What made you launch Tribe in 2016? Did you know that impact investing was very popular at the time?
In many respects, the tribe was founded out of frustration. Despite advertising that finance is one of the best industries for risk awareness, it didn’t really understand the level of risk it faces.
Many companies have removed most of the basic components that build a successful society and economy, then called them externalities and told their clients that they were not part of the decision-making process.
Another frustration is that the mediation of wealth-the encouragement of this retreat and non-engagement-means that people are separated from their wealth.
People’s money should reflect the food they eat, the clothes they wear, the cars they drive, and who they are, just like the homes they live in. This does not happen with an investment.
One of the greatest powers we have is in the wallet and we need to reconnect people with the notion of what we are doing with money. Voting does more than just fill out ballots every four years.
One of the biggest headwinds against this concept is greenwashing. How can the industry tackle this, and how difficult does this make it difficult to build a portfolio for our clients?
This is a daunting task, as the quantity of products that claim to be sustainable or climate change suddenly grows enormous.
IM Influence Maps recently said that of the 723 funds surveyed, 520 took into account the Paris Agreement, but found that 71% of these funds were negatively adjusted. To make matters worse, 55% of those who claimed to be aligned were the opposite. SFDR is advancing in some way to deal with this, but it is a self-certification system.
First, Article 9 focuses on the process by which the fund is ultimately adjusted in terms of sustainable investment. However, that does not necessarily mean that, for example, the endowment is substantially contributing to the development and realization of the framework of the United Nations Sustainable Development Goals. This means that the processes and policies in place to manage the long-term sustainable risks embedded in the fund are in place.
If even Article 9 is not a panacea, how should investors look at Article 8 funds?
Article 9 is clearer about what investors can expect, but Article 8 is much broader. Many funds that originally claimed to be sustainable are no longer possible as they are now in the Article 8 category.
For me, Article 8 is always about ESG, in which people’s approaches are very diverse. This is partly due to the differences between ESG rating agencies when looking at the same company and the fact that ratings are historical information.
Article 9 The fund framework is more positive. As an investor, you really want to get an idea of the direction of a company’s move in the manager’s portfolio.
How do you analyze the fund in Article 9?
The fact that the fund is Article 9 means that the fund is likely to be considered for approval by us-much more than the previous Article 8-but our due diligence. Due diligence is the same.
My slight concern about SFDR is that other wealth managers may take this at face value and say “that’s enough”. However, this is not always the case. SFDR is useful from a due diligence perspective, but you really need to understand managers, processes, philosophies, and performance (both past and forecast) before making a decision.

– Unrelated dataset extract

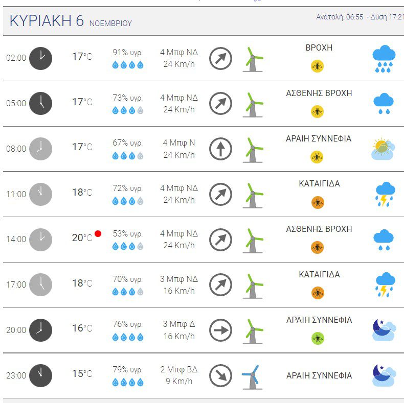Παρακάτω ο πίνακας από το meteo.gr για το πώς θα εξελιχθεί ο καιρός την Κυριακή (6/11/2022) στο κέντρο της Αθήνας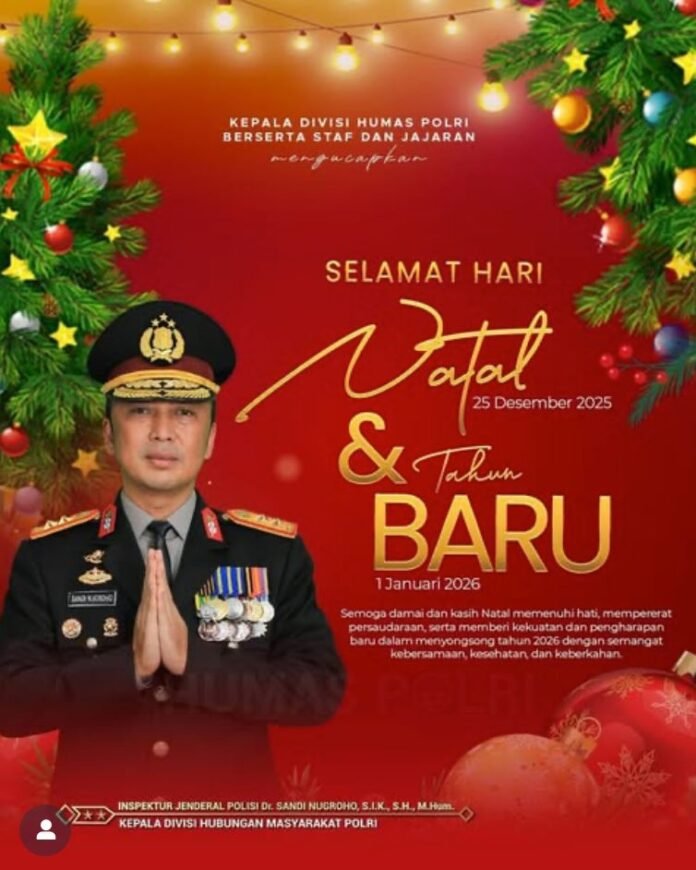 Jakarta — Kepala Divisi Humas Polri Irjen Pol. Sandi Nugroho, menyampaikan ucapan Selamat Hari Natal 25 Desember 2025 dan Tahun Baru 1 Januari 2026 kepada seluruh masyarakat Indonesia.

What are good qualitative indicators for evaluating good impact managers?
One of the questions we ask all fund managers is “what are you trying to solve with this fund?”
That is the most obvious question you can ask as an impact investor. There are so many fund managers who can’t answer this question, often because they don’t understand the nuances of the question.
They often say: “Well, we are a growth-based fund and we aim to beat this benchmark in X, Y, or Z.” But we say they I want to know the big climate and social problems that they are trying to solve materially with their funds.
I often thought it was a good question for the FCA to start asking fund managers. Because the manager said, “I have a portfolio of 50 shares with a decent ESG rating. We don’t own oil and gas, we do. It’s mostly high tech.”
There are major ESG issues within the tech sector anyway, but bye-bye. This is exactly what ESG funds do-they bring together companies that have gone through some sort of rating system.
Let’s face it, the smart players there can play the system if they want.
Frankly, ESG funds often aim for sluggish outcomes because it’s just risk management.